UBIFS initial experiments
Contents
Introduction
In this page I document my steps in creating a release 8.2 image running on top of UBIFS for the purpose of initial experimentation with that file system and point out some of my initial findings and questions that have popped up.
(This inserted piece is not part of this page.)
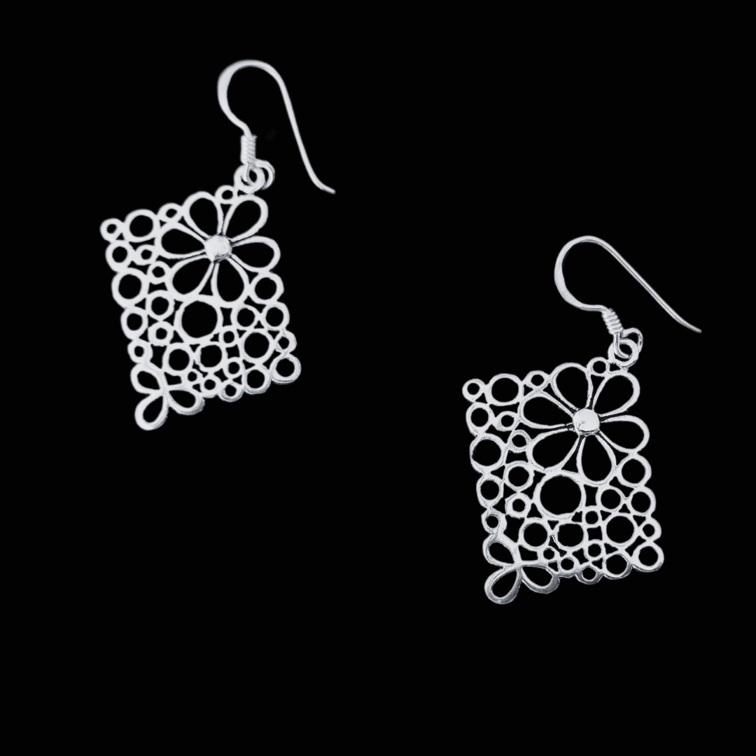 These 925 sterling silver hanging earrings feature a delicate flower-inspired design with a rectangular shape, giving them a unique and elegant look. The intricate floral patterns add a vintage charm, while the high-quality sterling silver ensures durability and a lasting shine. The hanging style allows for graceful movement, making them a sophisticated accessory for various occasions.

If you are just interested in downloading and running the final, image jump down to Resulting Image.
Flash Layout
Open Firmware does not support reading from UBIFS so to deal with this, the flash is partitioned into a 32MiB JFFS2 partition with the remainder of the space left over for use by UBI. OFW loads the kernel and initrd from the JFFS2 partition and the initrd handles mounting the UBIFS. Note that one flash erase block dedicated to the RedBoot partition table ("FIS directory" in RedBoot speak).
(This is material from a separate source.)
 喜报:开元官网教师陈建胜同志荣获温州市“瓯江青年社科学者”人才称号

| MTD Partition | Location |
|---|---|
| FIS directory. | 0x00000000-0x00020000 (128KiB) |
| boot | 0x00020000-0x02020000 (32Mib) |
| system | 0x02020000-0x3ffc0000 (991.785 MiB) |
JFFS2 Partition
The JFFS partition simply contains a boot/ directory with three files: olpc.fth OFW boot script, vmlinuz compressed kernel binary, and olpcrd.img ramdisk image.
olpc.fth
The olpc.fth script simply had the following modification applied to pass the proper boot parameters to the kernel and initrd:
@@ -77,7 +77,7 @@
then
" nand" dn-buf count sindex 0>= if
- " root=mtd0 rootfstype=jffs2"
+ " ubi.mtd=system root=ubi0:rootfs rootfstype=ubifs"
else
" root=LABEL=OLPCRoot rootfstype=ext3"
then
The parameter "ubi.mtd=system" tells the UBI layer to attach to the named MTD device. This creates a new UBI device, ubi0 which contains the root filesystem volume, called "rootfs" The "root=ubi:rootfs" option tells the kernel to mount this volume. (This parameter is actually unused as the initrd handles the mounting of the root filesystem).
olpcrd
The olpcrd is identical to that in the 8.2 release except for the following change to initutil.py:
@@ -134,11 +134,12 @@
# when partitioned, expect bootpath like:
# /pci/nandflash@c:root,\boot\vmlinuz//jffs2-file-system:\boot\vmlinuz
if p is None: p = 0 # unpartitioned by default
- if type(p) is int:
- dev = 'mtd%d' % p
- else:
- dev = 'mtd:%s' % p
- extra = ['-t','jffs2']
+ # if type(p) is int:
+ # dev = 'mtd%d' % p
+ # else:
+ # dev = 'mtd:%s' % p
+ dev = 'ubi0:rootfs'
+ extra = ['-t','ubifs']
else: # we're running under emulation
# these modules only needed if we're running in qemu
from stat import S_IFBLK
Note that this is not a permanent solution as we probably want to handle booting the same release on both a JFFS2 and UBIFS layout.
Kernel
The kernel used is available at here. It is composed of the OLPC kernel used for the 8.2 release merged with the linux-2.6.25 UBI backport tree. The kernel is built with UBI and UBIFS built in statically as we are going to be moving away from modules for required features to speed up boot time (see LWN article).
UBI Partition
The UBI system partition contains a single UBI volume named rootfs that covers the full partition minus overhead due to UBI overhead.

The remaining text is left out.